The investigators noted liquid biopsy testing rescued 30.2% (n = 85) of patients, including those who did not have enough tissue material and those who were incompletely genotyped or negative for the biomarker in tissue.
“The downside of obtaining mutations from tissue biopsies is that usually if this testing is not done with a very powerful and comprehensive assay, such as next-generation sequencing, it is done in successive steps: one test after another, which frequently leads to depletion of the tissue sample,” Papadimitrakopoulou explained. “Therefore, you end up with testing that is not complete because the tissue is not enough for testing of all the biomarkers.”
In addition, the study found a positive-predictive value of 100% for EGFR, ALK, ROS1, and BRAF mutations, for which there are agents already approved to treat this patient population.
Time from test order to final results was a median 9 days with Guardant360 compared with 15 days with tissue-based testing.
The researchers acknowledged the study was limited by its comparison of liquid biopsy testing to a current standard-of-care tissue genotyping test and not the tissue-based next-generation sequencing test, adding “the study results are only applicable to the Guardant360 test and not other liquid biopsy tests,” according to an AACR press release.

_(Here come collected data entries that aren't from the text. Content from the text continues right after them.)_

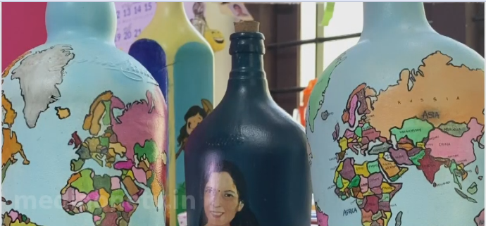 കുപ്പിയിൽ ലോക രാജ്യങ്ങളുടെ ഭൂപടം വരച്ച് ഇന്ത്യ ബുക്ക് ഓഫ് റെക്കോർഡിൽ ഇടം പിടിച്ചിരിക്കുകയാണ് പൊന്നാനി സ്വദേശി കൃഷ്ണ. ലോക്ഡൗൺ സമയത്ത് തുടങ്ങിയ കുപ്പിവര ഹിറ്റായതോടെ ഇന്നിപ്പോൾ ആവശ്യക്കാരും ഏറെയാണ്..
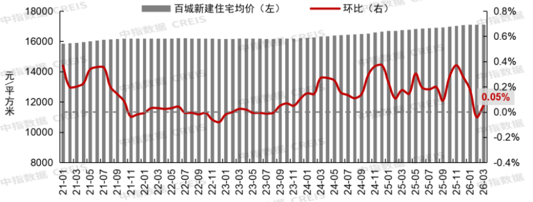 3月份,百城新建住宅均价为17115/㎡,环比上涨0.05%;百城二手住宅均价12792/㎡,环比下跌0.34%,跌幅连续三个月收窄。
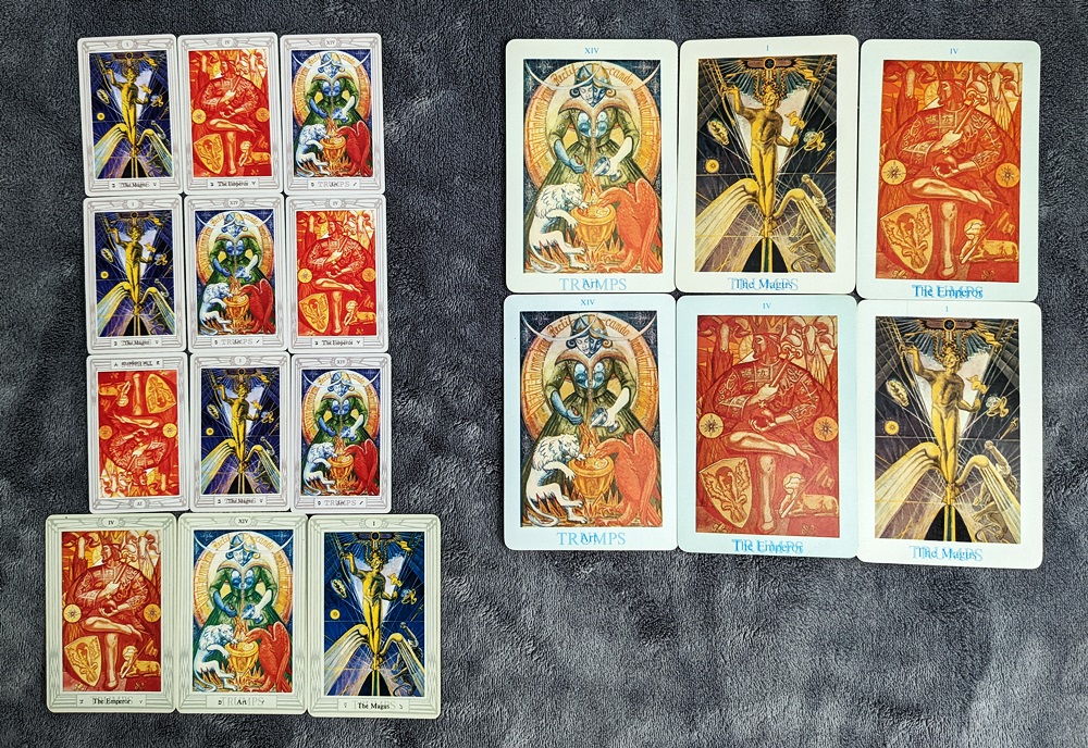 Here are all of the ways in which the example series can manifest, using six Thoth decks rather than the TdM simply because I have enough of them to populate the whole layout. In general, the androgyne in Art is going about its work of orchestrating change oblivious to the regard of the Magus and the Emperor, while in two cases both of the latter are intent upon the operation; in two others they are both looking away; and in the last two instances one is paying attention while the other is disinterested. (There is an error in the third line of the photo, where the Emperor is accidentally reversed and should be looking to the left.) These variables reflect the type of cooperation the ongoing “alchemy of transmutation” shown by Art can expect to receive from its alternately incisive and methodical cohorts. On the other hand, if this were a business or professional matter, I would look to the condition of the Emperor, and if a conceptual or innovative one I would first check the status of the Magus. If the nature of the main “quint” does not plausibly invoke the essence of the topic or question, it may be worthwhile to read the card on the far left as being “in the driver’s seat,” or to specifically choose one of the other two better suited to that purpose. Use of reversals could alter the “gaze” of the three cards in one direction or the other.
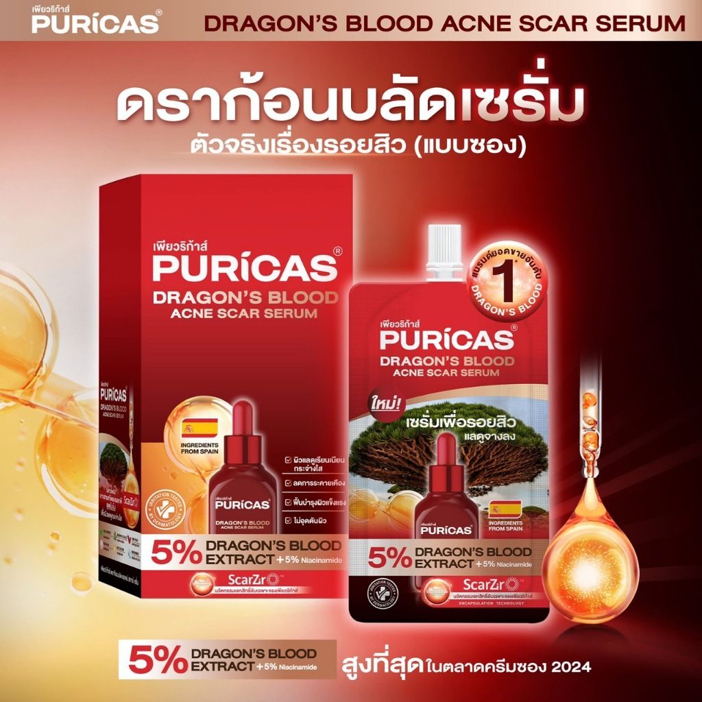 เซรั่มเพียวริก้าส์ ดราก้อนบลัด Puricas Dragon’s Blood Acne Scar Serum (มี 2 ตัวเลือก)
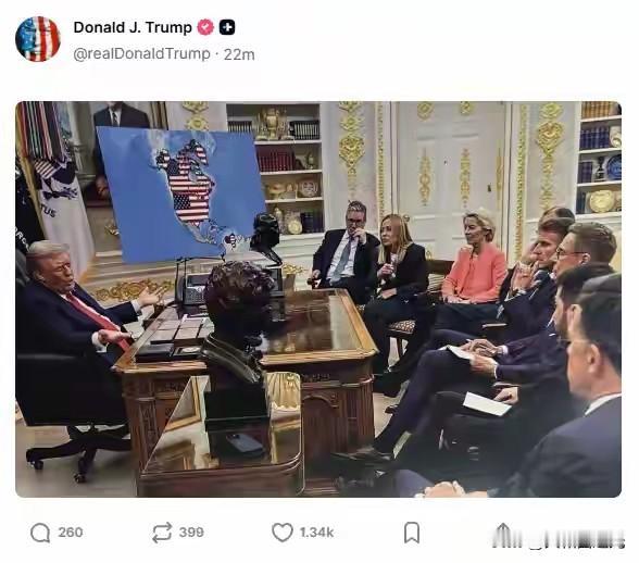 一群流氓头子开会,打算算怎么瓜分格陵兰岛,这个场景是不是似曾相识,当初捷克斯洛伐克的苏台德地区也是这样被德国拿走的。 当初老特(希特勒)想要捷克斯洛伐克的苏台德地区,捷克斯洛伐克不给,只好叫上英法两国进行调解,结果老特和英法两国头子商量完之后把苏台德给了老特,这次历史又上演了,只不过这次的主角换成了小特(特朗普)。

The prospective, multicenter study evaluated whether Guardant360 can be used to detect all 7 guideline-recommended predictive biomarker mutations (EGFR, ALK, ROS1, BRAF, RET, MET, and ERBB2) and 1 prognostic biomarker mutation (KRAS) at the same rate as traditional tissue genotyping tests in 282 patients with newly diagnosed advanced NSCLC enrolled at 28 North American centers between July 2016 to April 2018. Of the 282 patients who submitted a pre-treatment blood sample for cfDNA analysis, the majority were white (81.9%) and half were female (54.3%). Papadimitrakopoulou noted that clinical follow-up of the study is ongoing.
She concluded the study validates the clinical utility of cfDNA in newly diagnosed metastatic NSCLC. “What prompted the study was the desire to demonstrate that the liquid biopsy, which is easier to obtain and with a faster turnaround time, can detect these mutations and alterations in the DNA at a rate similar to the standard, which is tissue biopsy. That is something that is assumed to be true but was not tested in a clinical trial prospectively,” she added. “We felt there was a need for this since the desire to expand the group of patients who get these tests upfront is great. Having a test that we can rely upon to get good results for treatment choices is a very important step.”
AACR Annual Meeting 2019 director John D. Carpten, PhD, Institute of Translational Genomics, Keck School of Medicine, University of Southern California, noted how exciting these results are. “Non-invasive approaches are feasible and they meet standards that are minimally at the level of if not superior to more invasive approaches to disease detection, such as genotyping from actual tissue specimens, which would require either biopsy or surgical resection. In this case, we can identify the mutations in the cancer that are important and do this in a much more noninvasive way.”
“It also reveals that that this field is rapidly growing with new methods that might also include epigenetic changes in cell-free DNA, circulating tumor cells, exosomes, and other forms of mRNA that may be circulating in plasma,” he added. “So, the integration of all these various measurements, we believe really allow us to do a much better job at identifying cancers, monitoring them, and identifying appropriate mutations or alterations that are tied to specific targeted therapies.”
Leighl N, Page RD, Raymond VM, et al. Clinical utility of comprehensive cell-free DNA (cfDNA) analysis to identify genomic biomarkers in newly diagnosed metastatic non-small cell lung cancer (mNSCLC). Presented at: AACR Annual Meeting 2019 media preview; Feb. 27, 2019; Philadelphia.